Harvey is not opposed to globalisation per se – he suggests that the global availability of grain, for example, can (and should) alleviate famines in ways impossible a century ago. But he is critical of the misuse of globalisation, particularly when it comes to creating inequality of wealth. One of Harvey’s key points is that downward pressure on wages is no accident or side-effect. Those with the money want to make more money by lowering wages, in turn by removing obstacles to that pressure (government regulations or unionisation or state boundaries).

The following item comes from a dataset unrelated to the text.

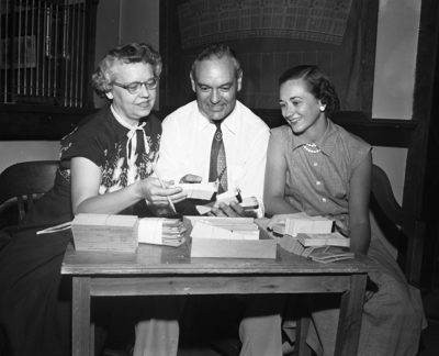 Mrs. J. B. Morgan, left, TCU football ticket manager; Business Manager Amos Melton and Secretary Mary Schwartz shuffle tickets to Frogs' 1951 games. Season ticket sales opened Monday.

Trouble is, says Harvey, this leads to contradictions, including the fact that less wages might mean more profits for those at the top, but it also means less money for spending, which is necessary for the “health” of capitalism. In many ways, the more grossly unequal the distribution of wealth, the more instability is brought into the system. In Harvey’s view, capitalism’s nature is to, rather than run smoothly, lurch along. Crisis and intervention are somewhat inevitable. He points out that those normally in favour of unfettered capitalism were quite happy for the state to intervene when the banks were threatened. (And this resulted in thousands losing their homes, but the bankers retaining their bonuses.)

Harvey explains the economic mechanics, but behind it all is a moral position, one that he says is aligned with a religious point of view which sees the current obscene inequalities of wealth, and the deliberate manipulation of the system to ensure this status quo, as, quite simply, injustices.